[Information supplied]
[Start of Attachment]

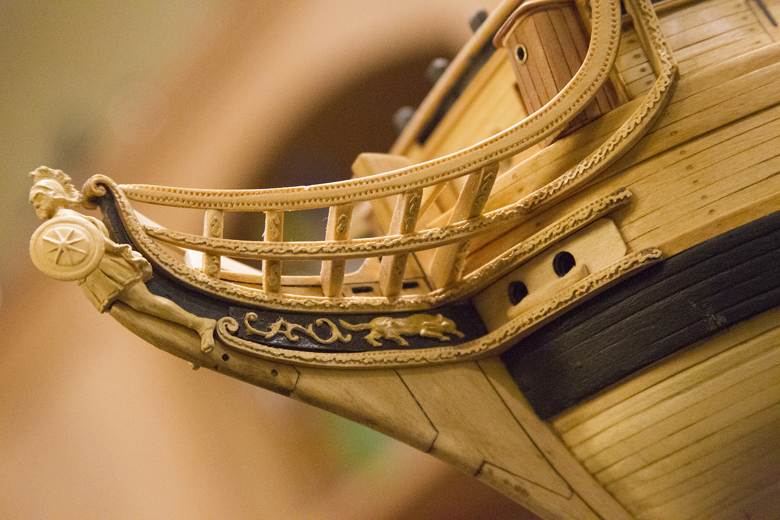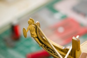 Next up, the cheeks, hawse holes and trailboards. Before I got started I did some fitting and measure, and prepping the figurehead etc. The first problem I ran into was paint color. The rear decorations and etchings of the ship were done is straight “wood” color from Testor’s Model Master line. Although it looked good, it is considerably darker than the natural stained color of the hull, etc. I liked this very much, as it made the details on the transom really pop. However, when we get to the bow of the ship and painting those etchings and even the figure head that dark – it just didn’t look right.
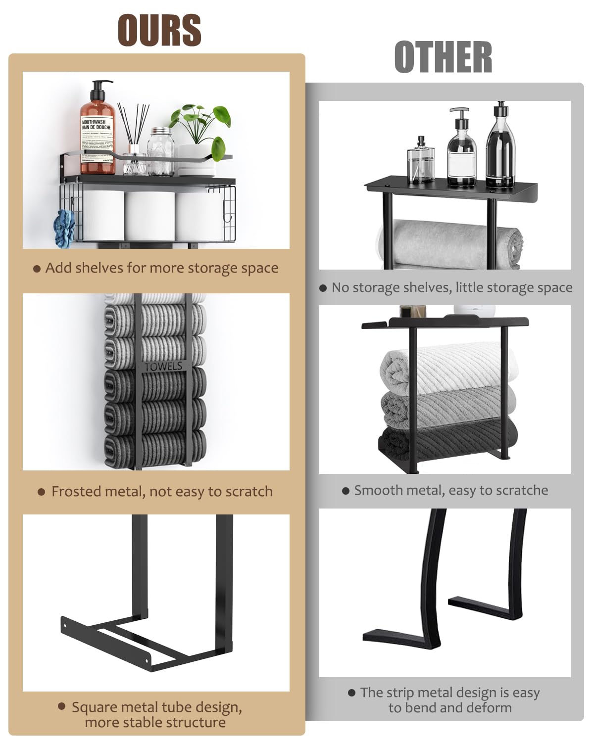 Aetyord Towel Racks for Bathroom 31inch Wall Mounted Towel Rack,Floating Shelf with Wood Plank,Towel Storage for Bathroom can Holds 6 Large Rolled Towels,All Black
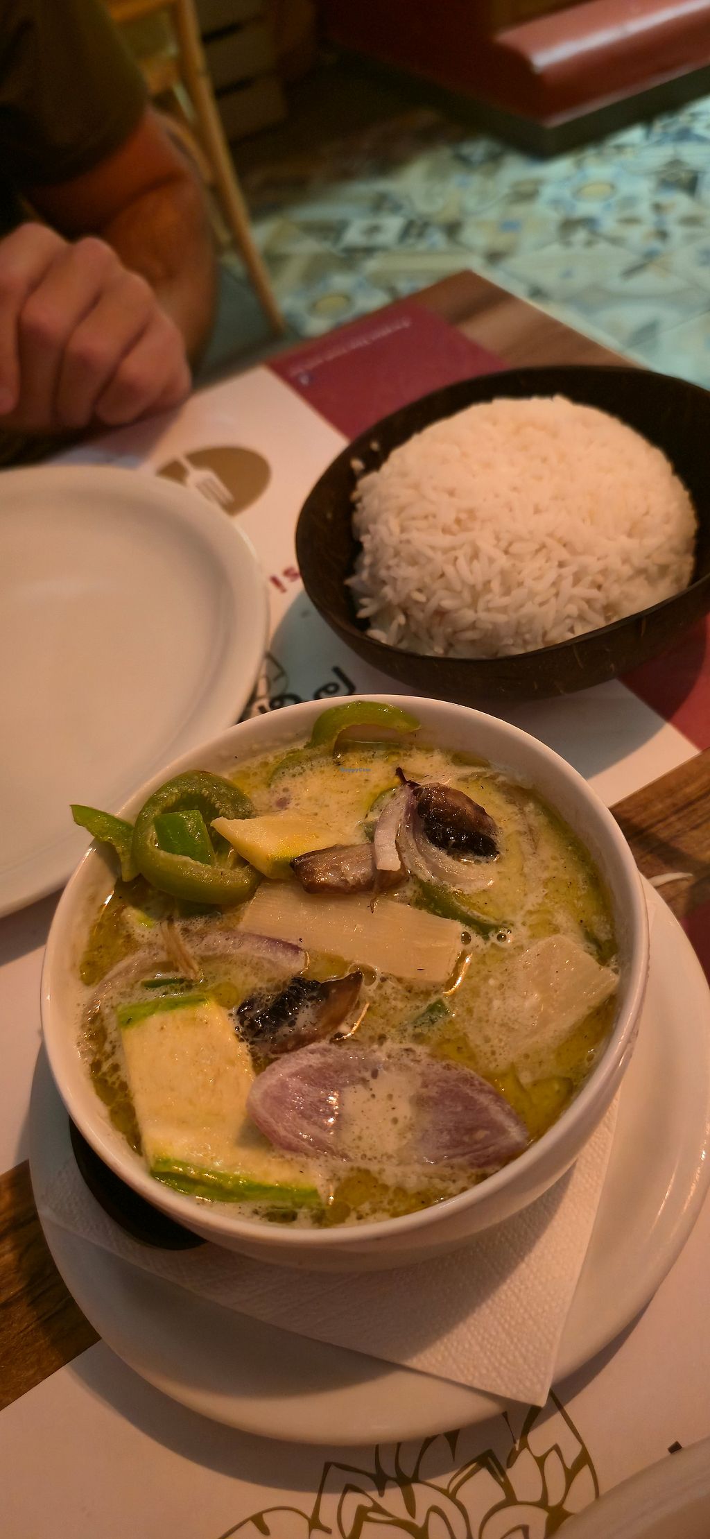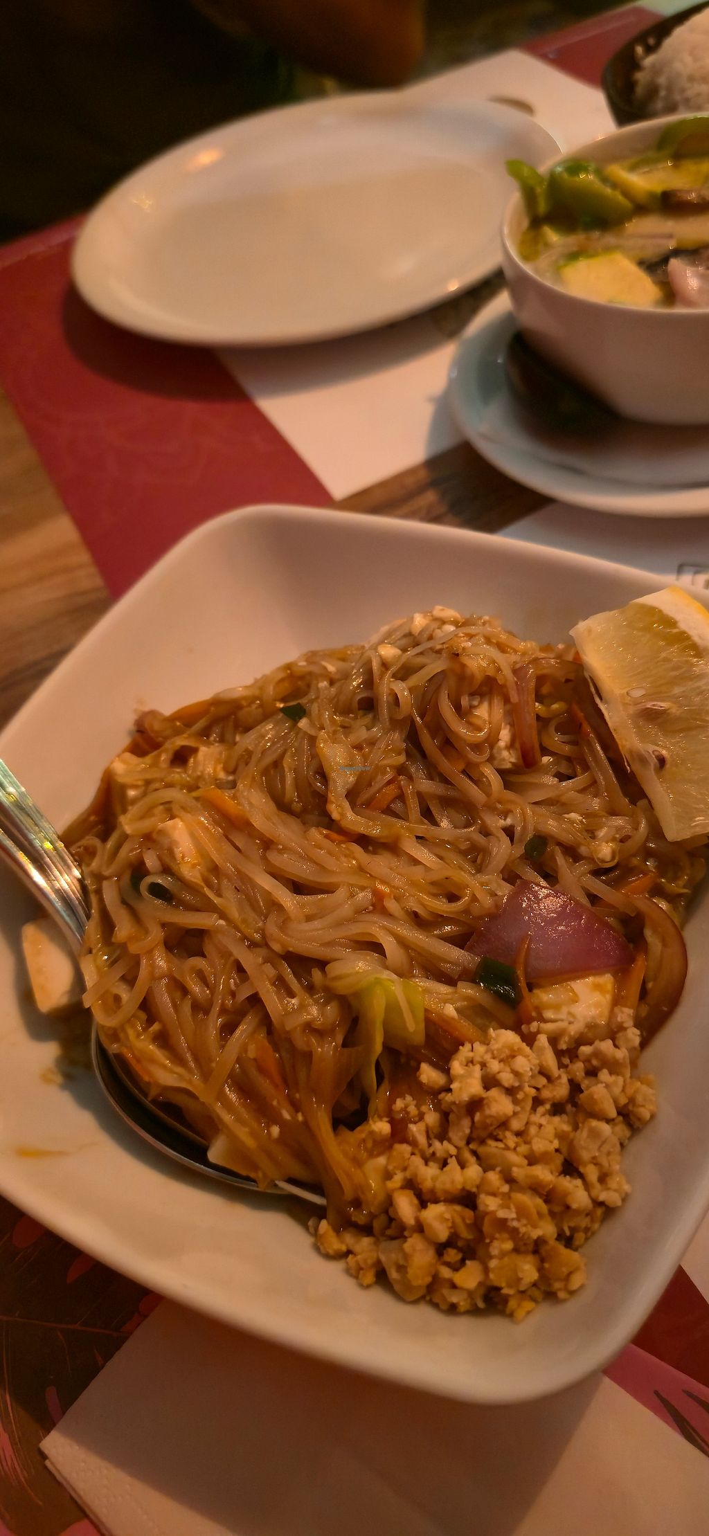 Had a fantastic vegan meal tonight -all for £32! Spring rolls for starters then we had vegetable pad Thai noddles and satay vegetables with steamed rice , this price also included two lagers. When we requested the bill , the waiter came with fried bananas for free. The food was excellent, the service very good and the venue excellent. The toilets were very clean too ,which I haven't seen much on this trip! Would highly recommend.

[End of Attachment]

[What you should do] Return a verbatim transcription of the data, omitting all images.

[Your solution]
 Next up, the cheeks, hawse holes and trailboards. Before I got started I did some fitting and measure, and prepping the figurehead etc. The first problem I ran into was paint color. The rear decorations and etchings of the ship were done is straight “wood” color from Testor’s Model Master line. Although it looked good, it is considerably darker than the natural stained color of the hull, etc. I liked this very much, as it made the details on the transom really pop. However, when we get to the bow of the ship and painting those etchings and even the figure head that dark – it just didn’t look right.
 Aetyord Towel Racks for Bathroom 31inch Wall Mounted Towel Rack,Floating Shelf with Wood Plank,Towel Storage for Bathroom can Holds 6 Large Rolled Towels,All Black
 Had a fantastic vegan meal tonight -all for £32! Spring rolls for starters then we had vegetable pad Thai noddles and satay vegetables with steamed rice , this price also included two lagers. When we requested the bill , the waiter came with fried bananas for free. The food was excellent, the service very good and the venue excellent. The toilets were very clean too ,which I haven't seen much on this trip! Would highly recommend.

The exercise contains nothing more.